Bug 426425

Summary: auth_unix_r[ow] = "none" still uses Policykit
Product: [Fedora] Fedora Reporter: Soren Hansen <soren>
Component: libvirtAssignee: Daniel Veillard <veillard>
Status: CLOSED UPSTREAM QA Contact: Fedora Extras Quality Assurance <extras-qa>
Severity: low Docs Contact:
Priority: low    
Version: rawhideCC: berrange
Target Milestone: ---   
Target Release: ---   
Hardware: All   
OS: Linux   
Fixed In Version: Doc Type: Bug Fix
Doc Text:
Story Points: ---
Clone Of: Environment:
Last Closed: 2008-02-11 11:31:37 EST Type: ---
Regression: --- Mount Type: ---
Documentation: --- CRM:
Verified Versions: Category: ---
oVirt Team: --- RHEL 7.3 requirements from Atomic Host:
Cloudforms Team: ---

Description Soren Hansen 2007-12-20 17:48:50 EST
Description of problem:

If libvirt is built with policykit support, there's no way to actually disable it.

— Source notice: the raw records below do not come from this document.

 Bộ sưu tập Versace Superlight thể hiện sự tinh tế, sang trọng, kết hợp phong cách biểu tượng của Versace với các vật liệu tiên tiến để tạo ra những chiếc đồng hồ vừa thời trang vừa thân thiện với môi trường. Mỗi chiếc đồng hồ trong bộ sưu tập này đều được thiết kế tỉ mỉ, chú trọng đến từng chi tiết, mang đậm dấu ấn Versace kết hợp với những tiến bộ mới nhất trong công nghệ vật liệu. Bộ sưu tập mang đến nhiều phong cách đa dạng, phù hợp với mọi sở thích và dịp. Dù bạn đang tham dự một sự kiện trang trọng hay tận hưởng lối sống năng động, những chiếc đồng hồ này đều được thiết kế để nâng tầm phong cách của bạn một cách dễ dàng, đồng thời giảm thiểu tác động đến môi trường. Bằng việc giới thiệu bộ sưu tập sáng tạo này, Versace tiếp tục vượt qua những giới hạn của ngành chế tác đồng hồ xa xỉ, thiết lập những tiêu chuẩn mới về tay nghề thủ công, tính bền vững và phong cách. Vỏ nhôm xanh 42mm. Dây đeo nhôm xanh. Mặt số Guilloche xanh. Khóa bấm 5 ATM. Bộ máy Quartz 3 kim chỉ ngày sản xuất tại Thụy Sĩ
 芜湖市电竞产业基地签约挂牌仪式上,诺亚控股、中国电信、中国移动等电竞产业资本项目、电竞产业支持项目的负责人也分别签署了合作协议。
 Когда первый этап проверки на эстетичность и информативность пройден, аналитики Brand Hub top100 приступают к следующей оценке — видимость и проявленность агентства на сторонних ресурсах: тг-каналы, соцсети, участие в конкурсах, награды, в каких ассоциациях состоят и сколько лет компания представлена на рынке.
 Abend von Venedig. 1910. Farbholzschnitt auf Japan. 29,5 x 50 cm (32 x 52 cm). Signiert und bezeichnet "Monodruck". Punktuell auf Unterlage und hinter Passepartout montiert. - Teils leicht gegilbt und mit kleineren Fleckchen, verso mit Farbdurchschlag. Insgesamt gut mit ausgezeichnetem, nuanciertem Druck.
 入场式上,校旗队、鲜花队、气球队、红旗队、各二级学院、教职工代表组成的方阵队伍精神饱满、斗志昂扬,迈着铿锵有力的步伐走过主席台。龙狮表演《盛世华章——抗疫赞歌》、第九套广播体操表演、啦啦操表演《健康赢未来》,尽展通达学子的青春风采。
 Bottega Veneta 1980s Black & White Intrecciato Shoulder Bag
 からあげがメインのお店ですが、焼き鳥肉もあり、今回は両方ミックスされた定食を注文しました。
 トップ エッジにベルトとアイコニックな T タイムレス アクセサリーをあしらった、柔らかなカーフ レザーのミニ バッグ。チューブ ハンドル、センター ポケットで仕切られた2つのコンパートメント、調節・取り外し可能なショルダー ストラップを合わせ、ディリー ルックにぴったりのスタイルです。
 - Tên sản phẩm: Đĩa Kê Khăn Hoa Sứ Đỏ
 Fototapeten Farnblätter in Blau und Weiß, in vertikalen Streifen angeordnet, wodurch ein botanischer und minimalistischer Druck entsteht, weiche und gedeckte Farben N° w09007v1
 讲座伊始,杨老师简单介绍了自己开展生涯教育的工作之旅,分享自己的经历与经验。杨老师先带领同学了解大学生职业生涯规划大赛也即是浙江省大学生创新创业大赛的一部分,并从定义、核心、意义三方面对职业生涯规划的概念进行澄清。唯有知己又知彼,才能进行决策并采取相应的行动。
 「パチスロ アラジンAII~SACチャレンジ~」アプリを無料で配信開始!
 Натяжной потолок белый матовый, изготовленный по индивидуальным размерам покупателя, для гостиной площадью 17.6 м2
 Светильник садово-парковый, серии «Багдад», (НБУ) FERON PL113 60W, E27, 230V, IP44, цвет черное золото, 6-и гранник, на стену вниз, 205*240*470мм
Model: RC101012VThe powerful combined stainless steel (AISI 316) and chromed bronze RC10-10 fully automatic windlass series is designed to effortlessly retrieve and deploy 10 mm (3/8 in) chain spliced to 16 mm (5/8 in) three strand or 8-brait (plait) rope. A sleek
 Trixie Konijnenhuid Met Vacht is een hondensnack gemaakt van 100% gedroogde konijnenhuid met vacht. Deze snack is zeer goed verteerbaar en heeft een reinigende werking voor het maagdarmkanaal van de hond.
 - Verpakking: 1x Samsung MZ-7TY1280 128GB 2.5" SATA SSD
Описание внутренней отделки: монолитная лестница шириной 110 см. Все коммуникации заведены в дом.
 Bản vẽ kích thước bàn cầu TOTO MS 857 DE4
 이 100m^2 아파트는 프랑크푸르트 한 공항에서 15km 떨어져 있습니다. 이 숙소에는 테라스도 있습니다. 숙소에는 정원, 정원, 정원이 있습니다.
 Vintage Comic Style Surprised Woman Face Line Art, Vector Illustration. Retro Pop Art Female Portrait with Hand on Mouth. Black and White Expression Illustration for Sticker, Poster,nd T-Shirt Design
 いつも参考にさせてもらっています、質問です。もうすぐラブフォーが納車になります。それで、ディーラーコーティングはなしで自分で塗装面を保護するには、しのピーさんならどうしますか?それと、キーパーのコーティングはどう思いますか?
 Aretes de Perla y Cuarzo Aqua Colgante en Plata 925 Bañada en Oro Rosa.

The docs say that auth_unix_r[wo] = "none" should make it just use the unix
socket permissions, but that is not the case.

Version-Release number of selected component (if applicable): 0.4.0

How reproducible:

Steps to Reproduce:
1. Compile libvirt with policykit support
2. Set auth_unix_ro = "none" and auth_unix_rw = "none" in libvirtd.conf
3. Fire up libvirtd
3. virsh will fail
4. "polkit-grant org.libvirt.unix.manage" blahblahblah
5. virsh now works.
Comment 1 Daniel Berrange 2007-12-20 19:10:40 EST
Stupid bug alert:

__virConfReadFile(const char *filename)
    char content[4096];
    fd = open(filename, O_RDONLY);
    len = read(fd, content, sizeof(content));
    return(virConfParse(filename, content, len));

# ls -l /etc/libvirt/libvirtd.conf
-rw-r--r-- 1 root root 6653 2007-12-20 19:03 /etc/libvirt/libvirtd.conf

Just remove some of the copious comments from the default config file and your
'auth_unix_rw' setting will be honoured just fine.
Comment 2 Daniel Veillard 2008-02-11 11:31:37 EST
BTW that bug has been fixed in libvirt CVS, though it's not yet included
in a release it will be in next one.

Mon Jan  7 10:19:00 EST 2008 Daniel P. Berrange <berrange@redhat.com>
        * src/conf.c: Use virFileReadAll() to avoid truncating config

Comment 3 Daniel Berrange 2008-02-11 11:36:51 EST
Actually I did fix it in F-8 and rawhide - not the same patch as upstream - just
added a really trivial change to make the array 8192 bytes instead of 4096

* Wed Jan  2 2008 Daniel P. Berrange <berrange@redhat.com> - 0.4.0-2.fc8
- Fix reading large config files (rhbz #426425)

* Wed Jan  2 2008 Daniel P. Berrange <berrange@redhat.com> - 0.4.0-2.fc9
- Fix reading large config files (rhbz #426425)

The proper fix can wait till the next official upstream release.